AFFAIRE SIMON : Un haut responsable estime que Johnson ne peut pas diriger sur Covid

  • Écrit par Paul Seddon
  • Journaliste politique

Explication vidéo,

Martin Reynolds déclare à l’enquête Covid qu’il « regrette profondément mon rôle dans ces événements »

Boris Johnson « ne peut pas diriger » au plus fort de la pandémie de Covid, a déclaré en privé le plus haut fonctionnaire britannique à ses collègues.
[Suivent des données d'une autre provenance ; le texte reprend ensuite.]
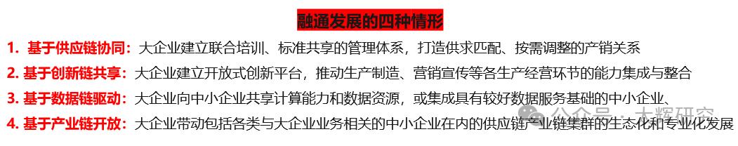 (四)基于产业生态开放。 在这种模式下,大企业以自身业务为引领,带动包括各类与大企业业务相关的中小企业在内的供应链产业链集群的生态化和专业化发展,打造覆盖产学研的经济网络,加速区域内外大中小企业创新能力、生产能力、市场能力的有效对接,推动资源能力的跨行业、跨区域融合互补,提升产业协同效率,形成具有开放性的线下集群和线上生态。产业生态开放融通的模式一般发生在平台化、生态化发展为主的大企业及其生态伙伴中小企业之间。
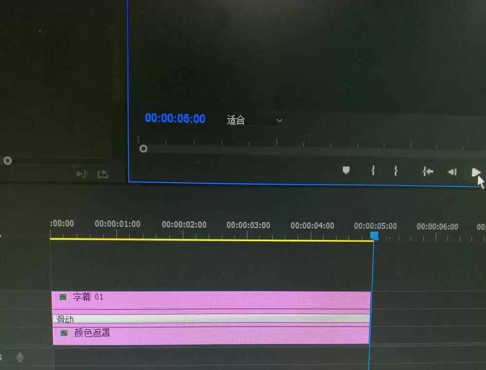 现在开始组装。按照顺序,把刚才做好的字幕、图片以及颜色遮罩,依次拖拽到时间轴轨道上。

Dans des messages WhatsApp de septembre 2020 révélés dans le cadre de l’enquête Covid, Simon Case a déclaré que l’ancien Premier ministre « changeait chaque jour son orientation stratégique ».

Il a ajouté que cela rend la formation d’un gouvernement « impossible » et que « nous ne pouvons pas le soutenir dans son leadership avec cette approche ».

« J’ai atteint mes limites », a-t-il écrit, qualifiant les autres ministres de « faibles ».

Au cours d’une journée riche en preuves solides, l’un des anciens collaborateurs de Johnson a également déclaré qu’il pensait que Johnson se demandait pourquoi l’économie détruisait « des gens qui de toute façon vont bientôt mourir ».

L’assistant, Imran Shafi, a déclaré à l’enquête qu’il pensait que l’ancien Premier ministre avait fait cette remarque lors d’une réunion avec le chancelier de l’époque, Rishi Sunak, en mars 2020, à peu près au moment du premier verrouillage du Royaume-Uni.

Une note adressée à Shafi dans son journal disait : « Nous tuons le patient pour traiter la tumeur. [taken to mean large numbers of people] Qui mourra ? Pourquoi détruire l’économie pour le bien de personnes qui, de toute façon, mourront bientôt.»

Lorsqu’on lui a demandé qui avait fait cette déclaration, l’assistant a répondu : « Je ne peux pas le dire avec certitude. Je pense que c’était l’ancien Premier ministre. »

Les tensions au sommet du gouvernement sont apparues dans une série de messages WhatsApp, d’e-mails et de mémos quotidiens.

Le secrétaire privé principal de Johnson, Martin Reynolds, a envoyé un e-mail à environ 200 membres du personnel pour assister à un événement de boissons « apportez votre propre alcool » au parc n°10 en mai 2020, au plus fort de la pandémie.

Reynolds s’est excusé d’avoir envoyé l’e-mail, ajoutant que c’était « complètement faux ».

Il a également évoqué les difficultés rencontrées par Downing Street au cours des premiers mois de la pandémie, ajoutant qu’il y avait eu des « politiques internes divergentes » dues à l’ancien conseiller principal de Johnson, Dominic Cummings.

Il a ajouté que le gouvernement était incapable de faire face à l’ampleur de la crise et que le Cabinet Office de l’époque n’avait pas réussi à coordonner correctement le rôle des différents départements.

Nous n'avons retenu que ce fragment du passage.